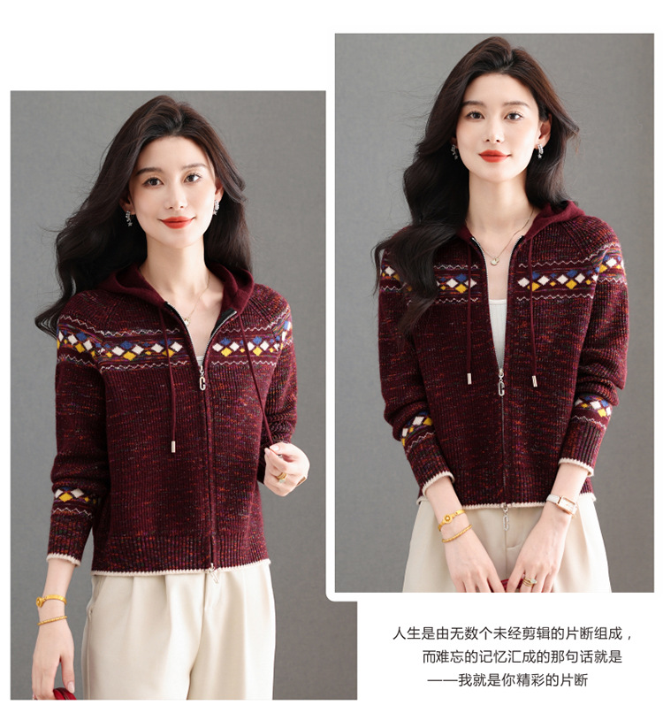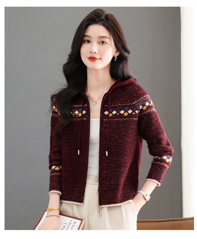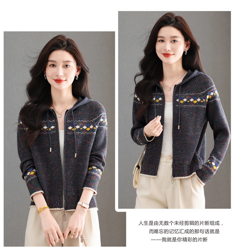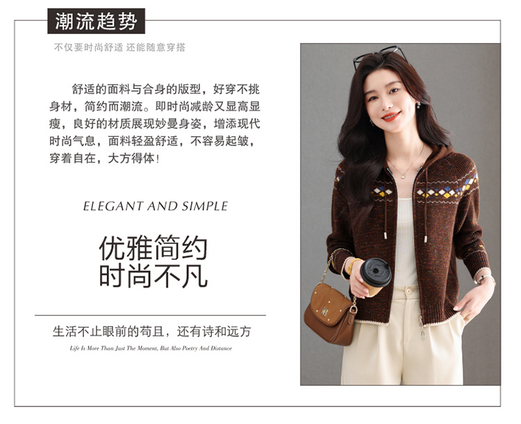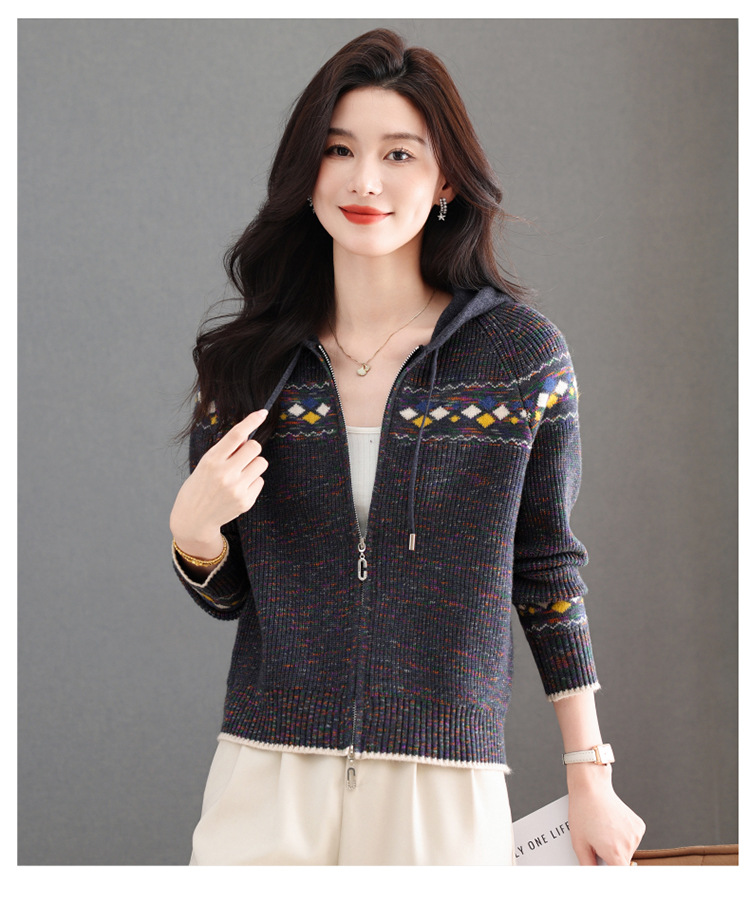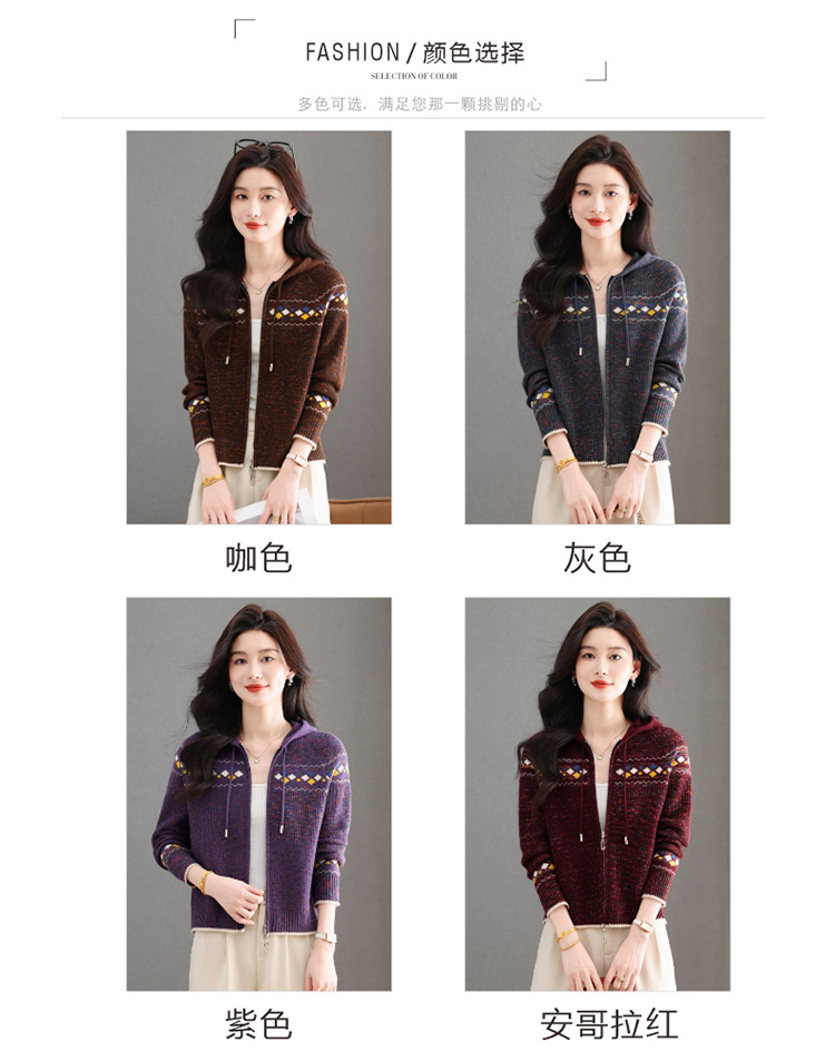 FCY YD8797连帽领长袖针织衫宽松休闲上衣外套 商品图2
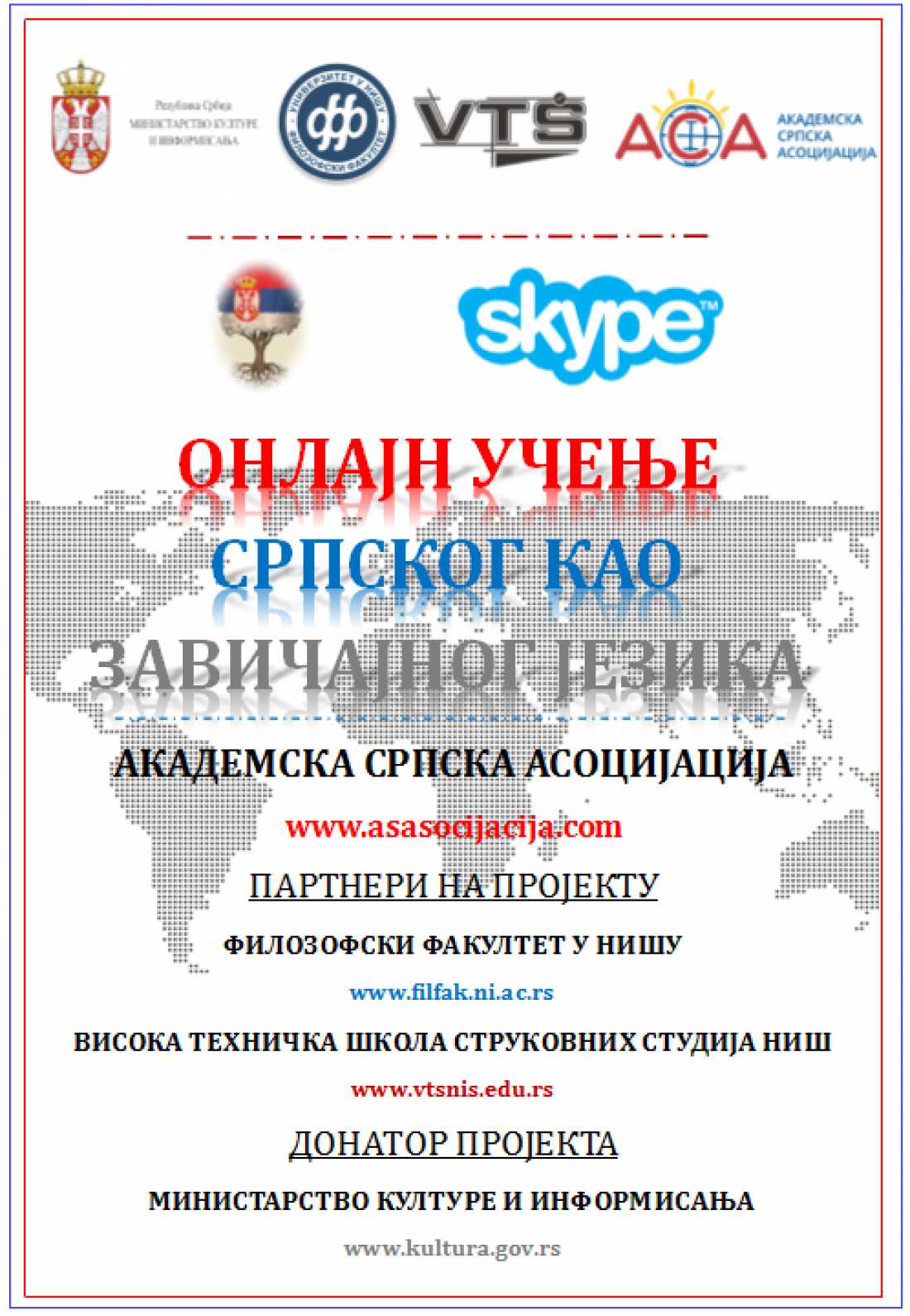 Најаве :: субота, 22.12.2018.Академска српска асоцијација и Филозофски факултет у Нишу најављују завршетак пројекта „Онлајн учење српског језика као завичајног“ и овом приликом позивају све заинтересоване на свечану манифестацију, која ће ће бити организована 25. децембра 2018, од 13 сати у великој сали Филозофског факултета у Нишу (434).
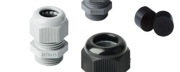 Kabelverschraubung mit Dichteinsatz ohne Bohrung, Einsatz als Reserve-Kabelverschraubung oder als Schutz gegen Staub und Feuchtigkeit, Dichteinsatz eignet sich zum selbst Bohren von individuellen Durchgangslöchern, Anschlussgewinde Standardlänge, RAL 9005, Kabelverschraubung Metrisch Kunststoff

_ACTIVITY_
Every line above should be returned exactly; the pictures stay out.

_OUTPUT FOR THIS EXERCISE_
 FCY YD8797连帽领长袖针织衫宽松休闲上衣外套 商品图2
 Најаве :: субота, 22.12.2018.Академска српска асоцијација и Филозофски факултет у Нишу најављују завршетак пројекта „Онлајн учење српског језика као завичајног“ и овом приликом позивају све заинтересоване на свечану манифестацију, која ће ће бити организована 25. децембра 2018, од 13 сати у великој сали Филозофског факултета у Нишу (434).
 Kabelverschraubung mit Dichteinsatz ohne Bohrung, Einsatz als Reserve-Kabelverschraubung oder als Schutz gegen Staub und Feuchtigkeit, Dichteinsatz eignet sich zum selbst Bohren von individuellen Durchgangslöchern, Anschlussgewinde Standardlänge, RAL 9005, Kabelverschraubung Metrisch Kunststoff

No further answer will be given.